Вошел Аника Северьянович и ахнул: весь труд его пошел прахом. Сколько надежд возлагал он на первый день занятий! Рассчитывал, что ребятня разнесет помидоры домой, расскажет об их необыкновенном вкусе и аловцы примутся разводить их…
…Сорок пять фамилий записал в тот день Аника Северьянович в классный журнал. Сорок пять характеров предстояло распознать ему, направить в нужное русло. И начинать приходилось с малого:
— Знайте, девочки, кто грызет на уроке конопляное семя, у того ум воробьиный…
Вот и настала пора свадеб. Дочь Романа Валдаева, Лушу, просватали за Родиона Штагаева. По обычаю жених приходит ночевать в дом невесты каждый вечер и спит на конике. От помолвки до свадьбы — две недели. За это время жених с невестой присматриваются и привыкают друг к другу. Хоть и редко, но случается, что жених или невеста берут назад согласие на брак — «возвращаются».
Родион был парнем не робкого десятка, но при будущем тесте стушевывался, даже гостинцев ребятишкам не смел в его присутствии дать — ждал момента, когда тот отлучится.
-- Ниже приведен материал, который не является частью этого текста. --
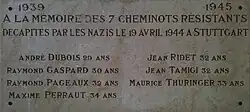 Une plaque commémorative rappelle l'exécution des résistants à la gare de Dijon[2].

Вот и сегодня вечером — пришел, разделся, сел на переднюю лавку, молчит, глядя, как Луша прядет, а Груня караулит горящую лучинку.
Брат Луши, Борис, во все глаза смотрел на жениха. Не раз слышал мальчик разговоры Лушиных подружек о красивых парнях, но так и не смог понять, какой парень красив, а какой — нет. Вот сидит Родион… Красивый он или нет? Большелобый. Крылья носа с горбинкой трепещут, будто собираются улететь; глаза карие, ясные, и кажется, будто в глубине его глаз запрятаны острые стекляшки.
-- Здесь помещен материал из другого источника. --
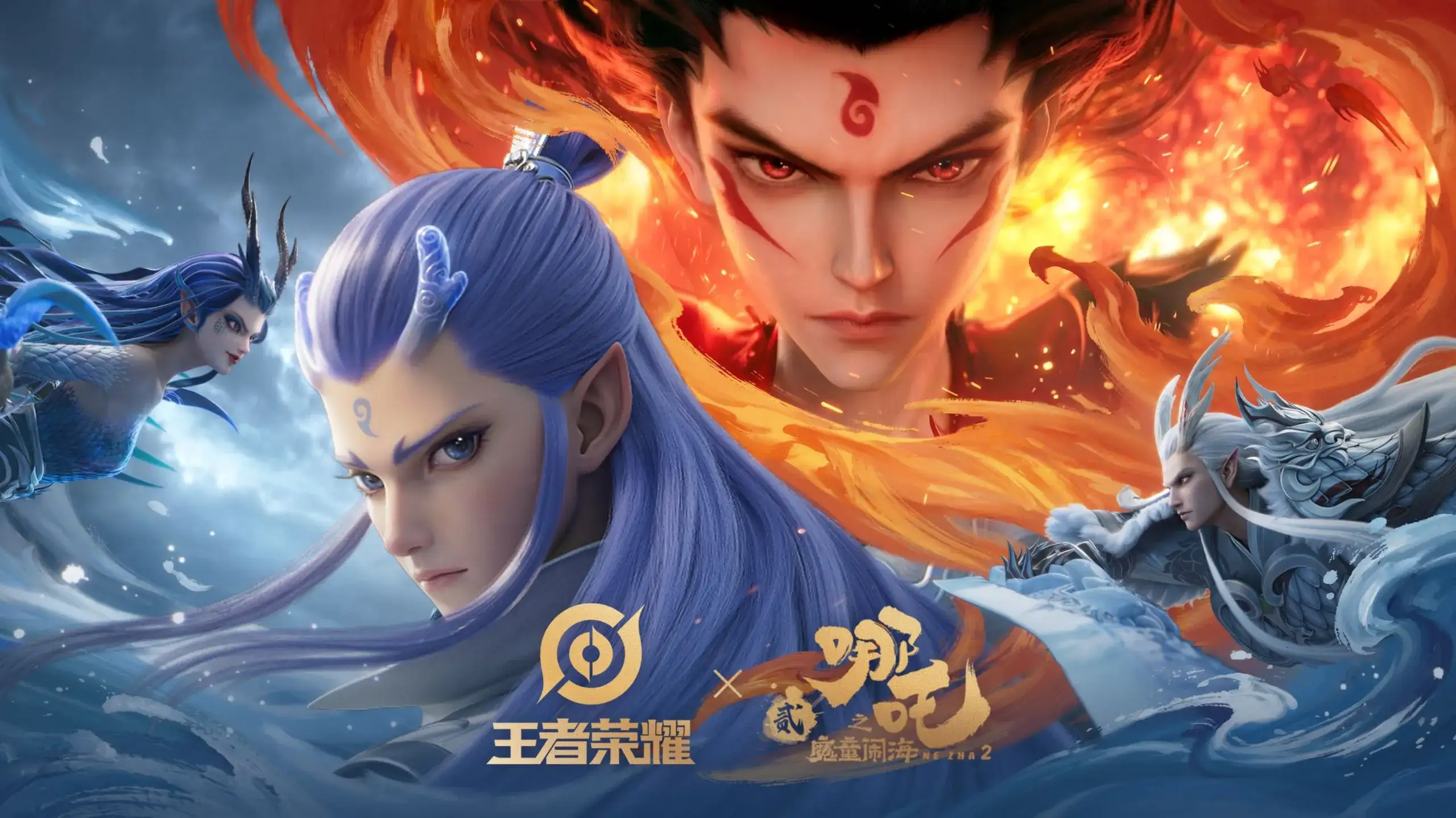 回复哪吒-魔丸·哪吒、敖隐-灵珠·敖丙、铠-东海龙王·敖光、芈月-西海龙王·敖闰集结王者峡谷,演绎一场别开生面的红蓝对抗。还有——

Когда Роман вышел во двор месить лошади, Родион нанизал на свой указательный палец четыре пряника, похожих на крендельки, протянул их Борису. И тот решил, что сестрин жених не очень красив и умен, если дает сразу так много пряников. «Понравиться хочет, подлизывается…» А утром, когда Родион ушел, спросил:
— Луш, ты думаешь, у тебя красивый жених?
— Мне нравится. А тебе?
— Не знаю. — Борис пожал плечами. — Он на всех похожий.
Вскоре настал вечер сговора.
Старики из той и другой родни прятали на пиру свои шапки, но Лушины подруги похищали их, наряжали пришивными цветами из разноцветных лоскутьев, а потом «продавали» хозяевам и «торговались». Кто побогаче, платил больше, — неудобно же глядеть, как чужая девушка пляшет в твоей разукрашенной шапке на виду у всех, показывая ее несусветную цветастость. Лушин будущий свекор, Макар Штагаев, даже гривенник девушкам отвалил…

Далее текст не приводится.